Laura Robson of Britain celebrates after defeating Mariana Duque-Marino of Colombia in their women's singles tennis match at the Wimbledon T
Laura Robson of Britain celebrates after defeating Mariana Duque-Marino of Colombia in their women's singles tennis match at the Wimbledon T

By Mitch Phillips

LONDON (Reuters) - Home favorite Laura Robson was the toast of Wimbledon again on Friday as the 19-year-old reached the third round for the first time, five years after being dubbed the "next big thing" in British women's tennis.

By this stage of the tournament the only British female presence is usually the ball girls but Robson, who won the junior Wimbledon title as a 14-year-old, was given the unexpected honor of playing on Center Court after her match was postponed by rain on Thursday.

She duly rose to the occasion and surfed a wave of home support to beat Colombian qualifier Mariana Duque-Marino 6-4 6-1.

"It's a big win for me," said Robson. "Any match on Center Court is a big one and it was a great atmosphere out there and having the roof closed just made it louder."

Robson had never gone beyond the second round at Wimbledon, though she did reach the fourth at last year's U.S. Open - the first British woman to last that long in a grand slam event for 14 years.

Being the best British woman player at Wimbledon is admittedly a relatively limited sub-group but, having beaten 10th seed Maria Kirilenko on Tuesday, Robson started as a clear favorite in front of her home fans.

With both women occasionally employing a floaty sliced backhand, something of a rarity at the top level these days, the rallies had some real variety even if there were too many basic errors to worry any of the big names in the draw.

Both players struggled to find any consistency early on but Robson eventually settled to take a first set that featured five breaks of serve.
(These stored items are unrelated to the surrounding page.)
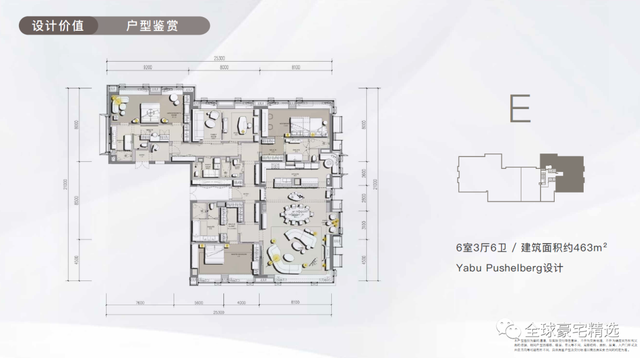 5、顶层官邸E户型463平,6室3厅6卫,价格单聊
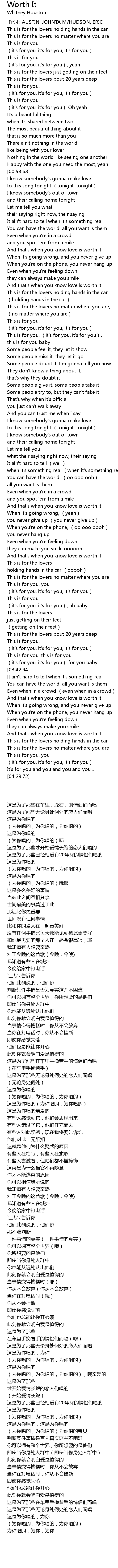 | [00:00.00] | 作词 : AUSTIN, JOHNTA M/HUDSON, ERIC |
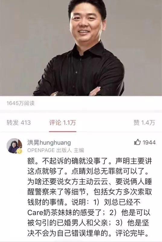 最近,明州警局決定對東哥做不起訴決定,壹時間網上議論紛紛。“名門痞女”洪晃也疑似出來發了個言。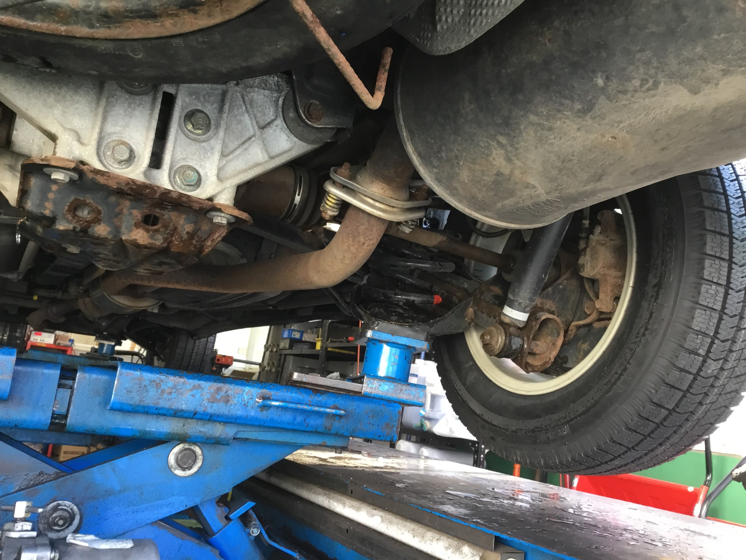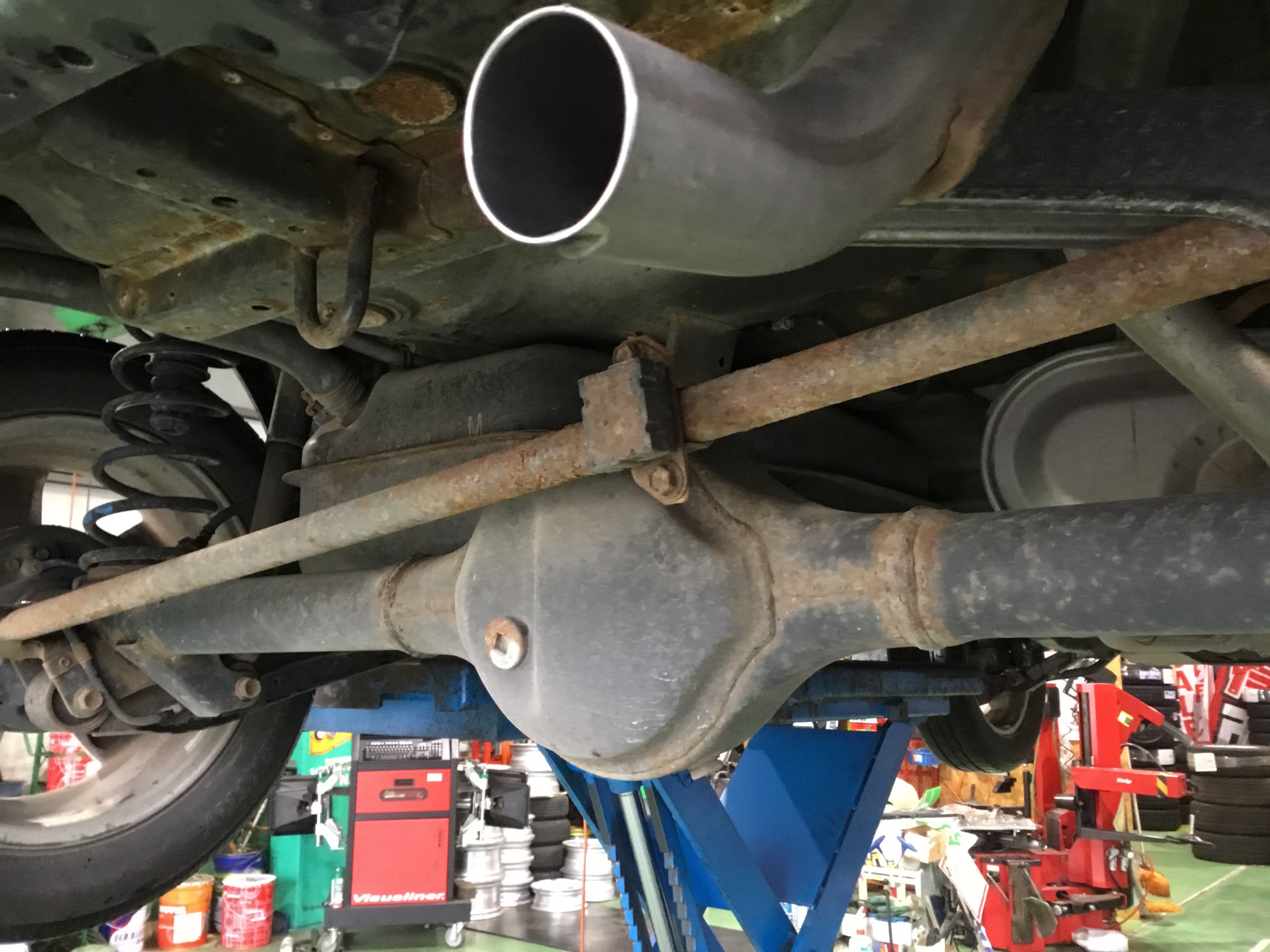 当店では下廻り全体塗装の他にマフラーのみの防錆も実施していますので下廻り状況によって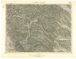 | historische Landkarte: franzisco-josephinische (3.) Landesaufnahme der österreichisch-ungarischen Monarchie. Blatt D.Landsberg und Wolfsberg, Steiermark, Österreich. Nr. 5254. Zone 18 Kolumne XII. | Österreichische Nationalbibliothek, Kartensammlung | Geripp: Oberleutnant Kimlein. Terrain: Hauptmann Pönisch. | Datei:Deutschlandsberg und Wolfsberg 5254.jpg | |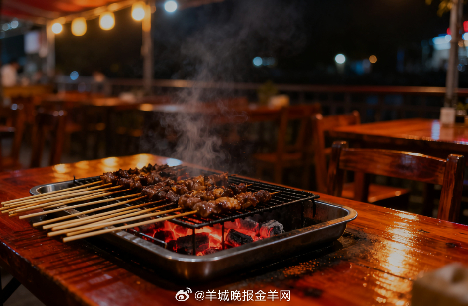 炭火渐弱,烤架上余温袅袅,签子整齐码在铁盘里,暖黄灯光映着油亮的桌椅,晚风带着孜然香,吃饱了再安稳的睡吧~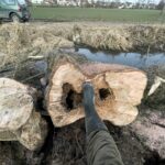 Hinzu kommt, dass Gewässer selbst bei leichten „Kurven“ im Gewässerverlauf im so genannten „Prallufer“ Material abtragen und auf diese Weise Wurzelstöcke freilegen. Auf diese Weise leidet die Wurzelverankerung im Boden nach und nach und irgendwann ist die erforderliche Stabilität nicht mehr gegeben. Die schlichte Konsequenz: der Baum fällt um. Kommt dann, wie im vorliegenden Fall, auch noch eine Stammfäule hinzu, dann beschleunigt sich der Prozess noch deutlich. Es ist also deutlich erkennbar, dass hier der Biber hier seine Finger bzw. Pfoten nicht im Spiel hatte.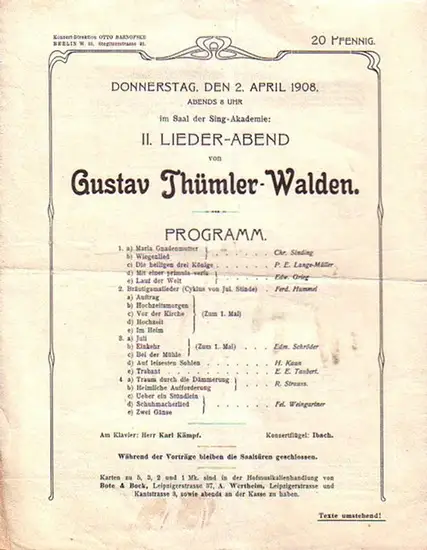 Thümler - Walden, Gustav: Programmzettel zum 2. Lieder - Abend von Gustav Thümler - Walden im Saal der Singakademie, Berlin am 2. April 1908. Mit den Gesangstexten. Konzert - Direktion Otto Barnofske, Berlin, Stegitzerstrasse 93.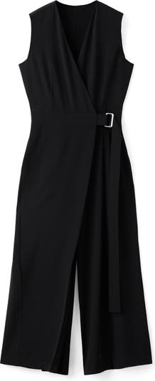 A sleeveless jumpsuit exudes sleek, modern style with a plunging crossover neckline, belted waist, and flared legs cropped just above your ankles.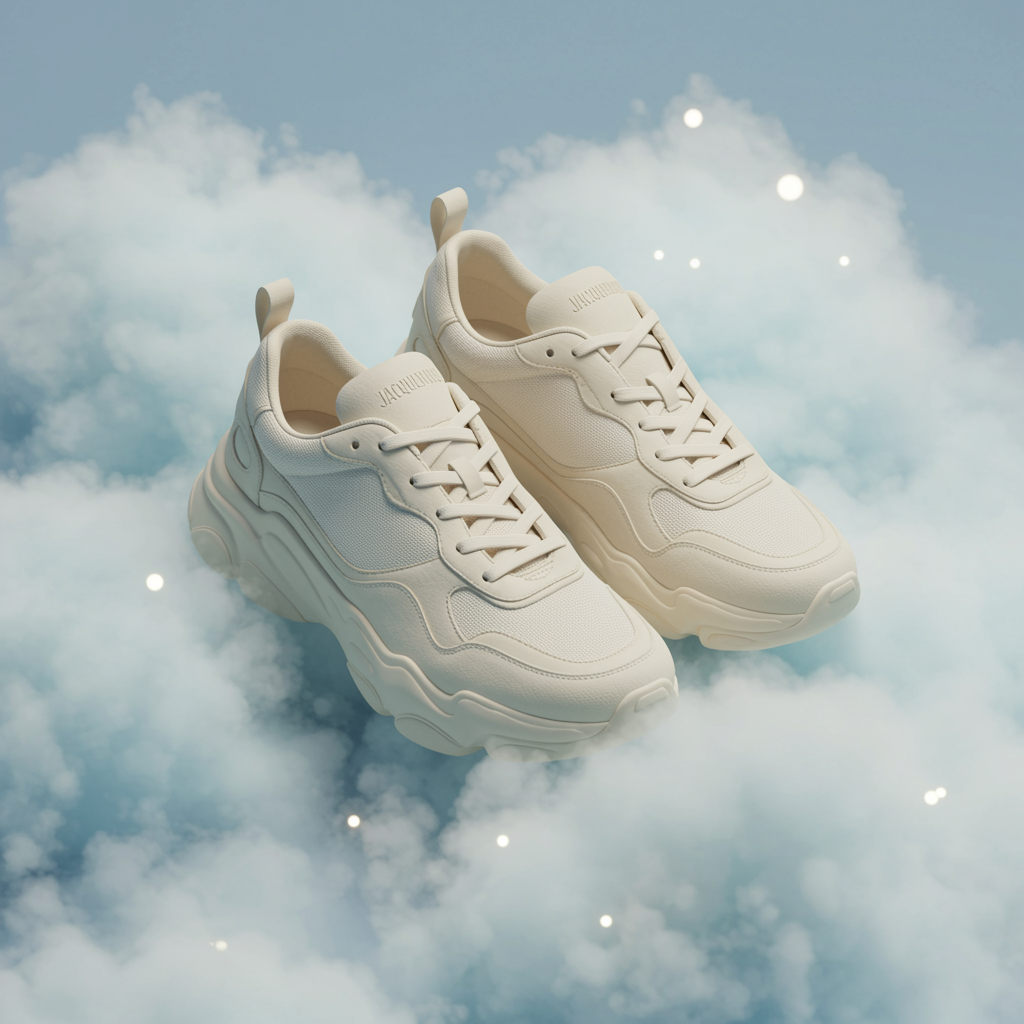 Cream-colored luxury running sneakers designed by Kanye West and Jacquemus featuring elegant and intricate details, set against a fluffy pale blue cloud-shaped backdrop with soft, volumetric lighting. Rendered in Octane at high 8k resolution, these sneakers capture a sense of refined sophistication and elegance, with each element thoughtfully crafted to showcase their unique design. Subtle reflective accents and textured surfaces enhance the visual appeal of the sneakers, creating a harmonious blend of style and innovation.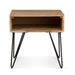 - Features one (1) open compartment for storage and four (4) black iron hairpin legs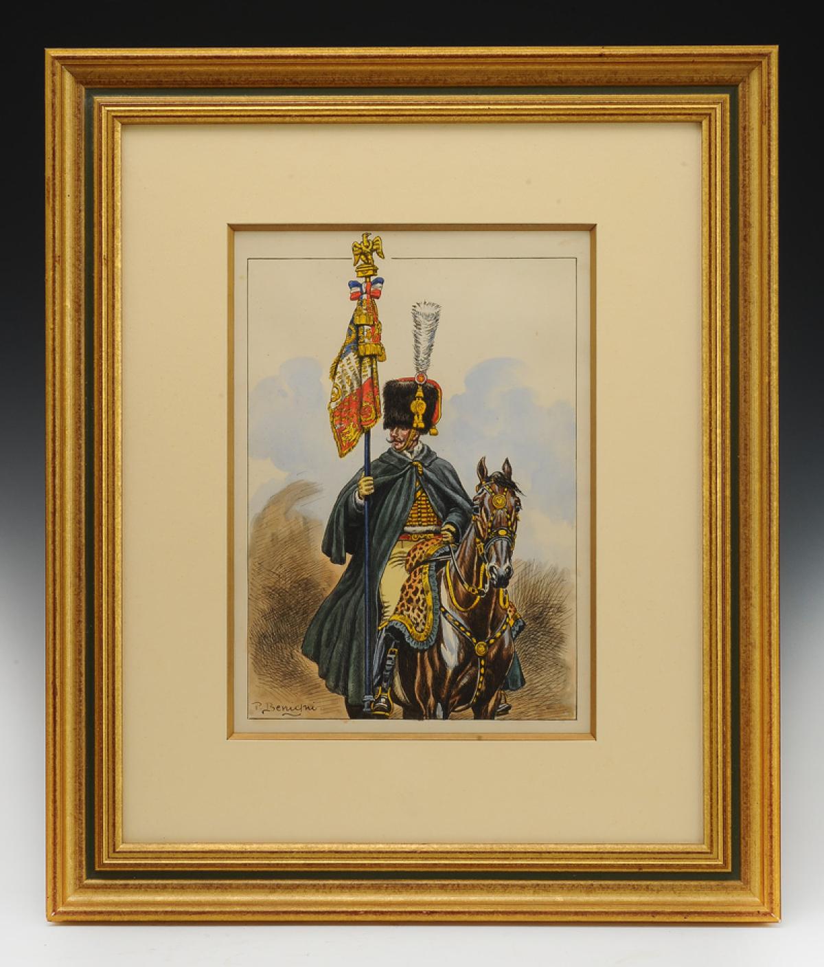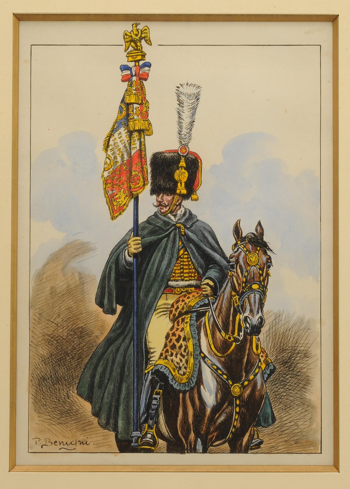 BEGNINI Pierre (1877-1956) – Lieutenant porte-étendard des chasseurs à cheval de la Garde Impériale, vers 1813, Premier Empire : aquarelle originale. 33373

Once Roson had pocketed that she grew in confidence and started delivering some real power with her groundstrokes to race through the second set virtually untroubled and now has a winnable third-round meeting with New Zealander Marina Erakovic.

"I didn't think I played my best, my timing was a bit off, but I just had to accept that and try to control it," she said.

"I was feeling nervous but then thought she was probably more nervous than I was.

"I'm really excited. I'm going to play doubles this afternoon, if it stops raining, and get ready for tomorrow."